Extra Special Good Friday Post About My Lack Of Religion

In honor of Passover and Easter (and because I recently read a book about it), I'd like to talk about something near and dear to my heart- religion and the lack thereof.

As someone raised Catholic, I became a nonbeliever in the fairly dramatic way, with a fair amount of angst. I know several friends who were simply raised secular. I remember, actually, what really tipped the scales for me. I probably would have given up religion anyway, but for me the tipping point came when I was reading Isaac Asimov's robot books. Yes, that's right. Science fiction killed my Catholicism.

Asimov was a committed rationalist, and in his books he explained clearly and persuasively why robots were had just as much "personhood" as people did. I believed him. I agreed that a sufficiently complex artificial system could be just as much a person as a human being. Some kind of metaphysical "soul" was not necessary for its function, and, by implication, our function. Nature worked fine without supernature intervening.

There was more to it than that, of course. I'd read the Bible, and decided that God was an asshole. As a young teenager, I couldn't reconcile the vile acts of the Old Testament with any idea of a loving god. They seemed more like the actions of Zeus of Quatzalcoatl than the deity that was praised at mass. Moreover, I didn't always agree with what Jesus had to say in the New Testament. It was Jesus who introduced the idea of a hell, and I found the idea that any human person could be permanently (eternally!) irreedeemable to be deeply distasteful. Such a permanent lack of forgiveness, I thought, was petty at best. On top of that, god seemed too fantastic an idea to ever fully except. I never really believed in Santa Claus, and I think I felt the same way about god.

There I was, about thirteen years old, and not finding legitimacy for something that was so important to my family. God wasn't real, and religion was an artifact of history.

Realizing all this was painful, mainly because of what it reflected about my parents and teachers. I had been made to go to Catholic school as a child, and attend mass every sunday. In sixth grade, I attended public school, but my father had me attend a weekly religious education class and become an altar boy. What's more, my homeroom teacher in middle school attended the same church as my family, so Catholic authority figures still loomed large for me.

I had come to my own conclusion that there was probably no god, and kept it to myself for years. I didn't want a confrontation with my parents, teachers, or priest. As a teenager, I dutifully went through the rite of Confirmation, though the name I chose, Luke, owes more to my love of Star Wars than the gospel chronicler. I needed a saint's name that would still be meaningful to me, and Luke was it.

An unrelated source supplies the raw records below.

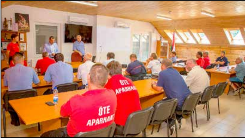
Fontos témákat érintettek a konferencia alkalmával

A Tamási Tűzoltóaktanya adott otthont június 26-án annak a rendezvénynek, melynek keretein belül önkéntes tűzoltó egyesületek és önkormányzati tűzoltóságok képviselői tanácskoztak.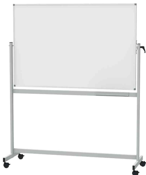
Tableau rotatif MAULstandard

- comme panneau d'information, à la réception, près de la pointeuse, dans les cantines, dans les écoles ou lors de séminaires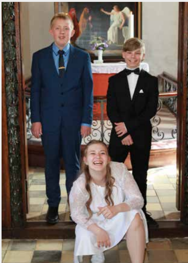
Foto: Konfirmander i Bråby kirke 29.4.2018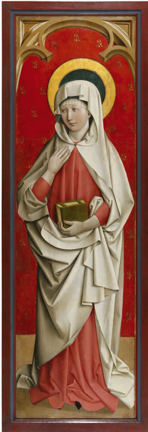
Maria, Tafel des Passionsaltars, 1470/1510, Regensburg/Historisches Museum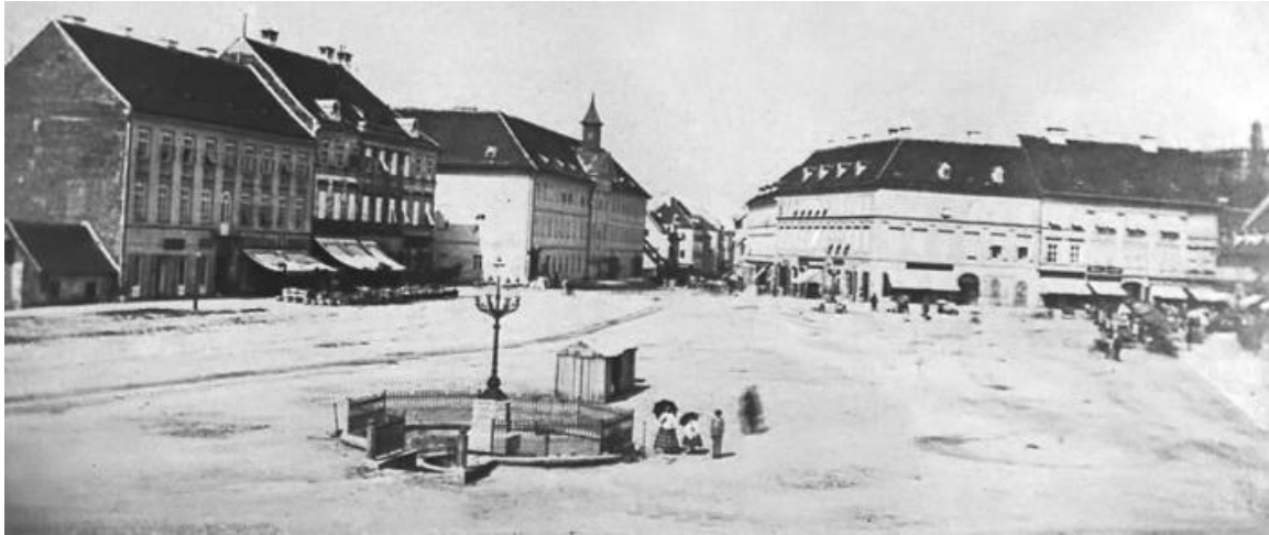
Sl.10. Jelačićev trg 1864.

U razdoblju od 1860.g. do 1880.g. u gradu dolazi do mnogih promjena, posebno onih političkih. Carskim manifestom mijenjaju se uprava i zakonodavstvo. 1860.g. dolazi patent o sazivanju pojačanog carskog vijeća, u to vrijeme ban postaje Šokčević. 1873.g. bansku vlast preuzima Mažuranić. Razdoblje njegove vlasti okarakterizirale su mnogobrojne reforme, uz to je sagrađen i sudbeni stol, ženska kaznionica i Zavod za umobolne u Stenjevcu. 35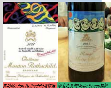
真的Mouton Rothschild酒標籤 筆者所見的Motte Sheep標籤

根據國內的法例，此酒完全不假，所有的資料都齊全，只是不是你腦海中那品牌的真品，這類酒，祇能說一句願者上鈞而已。皆因此酒一支祇賣128元，一對則祇售200元，兼送一個酒箱，如此價格，當然自行研究了。

Years later, after University, I finally told my father that I consider myself an agnostic (a label that I remain unsatisfied with). He didn't believe me. "You're Catholic," he said, "you'll come back." My father continued to tell me to go to Church and pray, and I told him that I don't do those things. "Yes you do," he said. That was always hard to take. Hearing my father engage in what seemed to be an act of philosophical weakness didn't cease to be painful.

Since my "conversion," if you will, I've often thought about how to be a good person without being religious. This is something important to me because I feel like I'm a better person because I've had to decide things for myself. My moral decisions, I've found, have not been based on fear of an angry god. They have been based on something else, some love of humanity, and I want to know what that is. There is nothing compelling me to be good to my neighbors. I am good to them because of what I am and what they are, not because of outside, deific, pressures.

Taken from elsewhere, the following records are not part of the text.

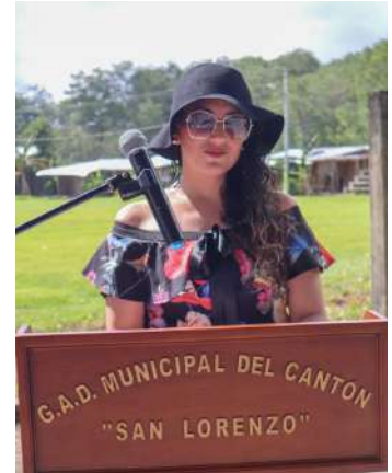
Maestra de Ceremonias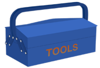
de ordevos toolkit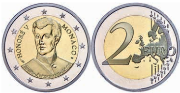
253 2 Euro, 2019, 200. Jahrestag der Thronbesteigung von Fürst Honoré V., in Kapsel, in Originalschatulle mit Zertifikat und Umverpackung, PP. 300,—

Alle Einzellose und Zertifikate/Gutachten sind unter www.rhenumis.de farbig abgebildet!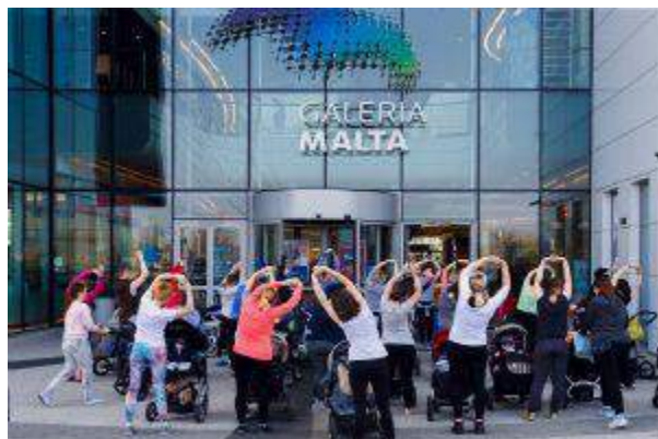
Galeria Malta - "Be Fit Mom" - NEINVER Polska Sp. z o.o.

In addition, there is a widespread belief in America that religion is the proper basis for morality. When Mitt Romney was talking about his Mormonism last year and asking for religious tolerance and understanding, I had a great deal of sympathy for him. Of course he may practice whatever religious system he chooses, even if I think it's a rather silly one. He lost me, though, when he lashed out against secularists in the same speech. He asked for tolerance, but would not give it to me. That that hypocrisy is acceptable in the United States is deeply disturbing. More historical than a black president, I think, will be our first out-and-proud secular president.

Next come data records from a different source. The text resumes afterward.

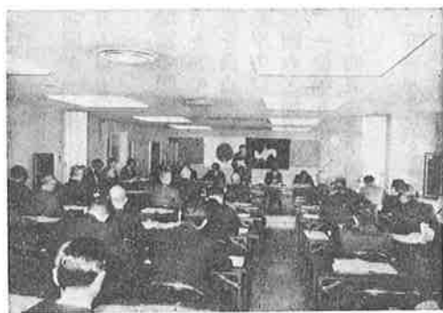
第3回通常議員総会で挨拶する社会頭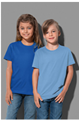
ST2200 Classic-T Kids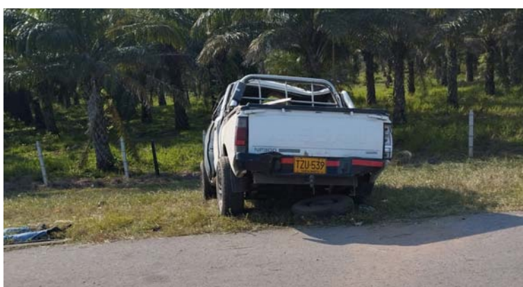
El accidente se produjo al momento de transitar por este importante corredor vial donde una de las llantas se estalló.

Delving into secular morality is what led me to minor in philosophy in university, and I've read a number of books on the subject of why there is no god, and what that means. Most recently I read God is Not Great by Christopher Hitchens, and found it to be a curious book. I agreed with just about everything that Hitchens had to say, and found him sympathetic, yet the book was still extremely annoying.

Hitchens spends most of the book slamming religion, mostly Judaism, Christianity, and Islam. He never says anything that I find all that disagreeable, but his tone is one of a man who is simply ranting and complaining about things. Yes, the Bible contains some awful, immoral things, yes, religious leaders have been responsible for a lot of history's horrors, yes modern science has disproved a lot of it anyway. Yes, yes, yes. I'd heard all of that before.

I kind of wondered who Hitchens' intended audience was. Certainly not me. I wasn't learning anything all that new from what he had to say. I couldn't imagine a religious person being all that persuaded by the book, though. If anything, I thought of theists being so pissed-off by his ranting tone that they would become even more galvanized in their beliefs. Reading the book, I was also reminded of the humorlessness of Richard Dawkins, a man I admire immensely, yet who, I think, has a rather dour public persona.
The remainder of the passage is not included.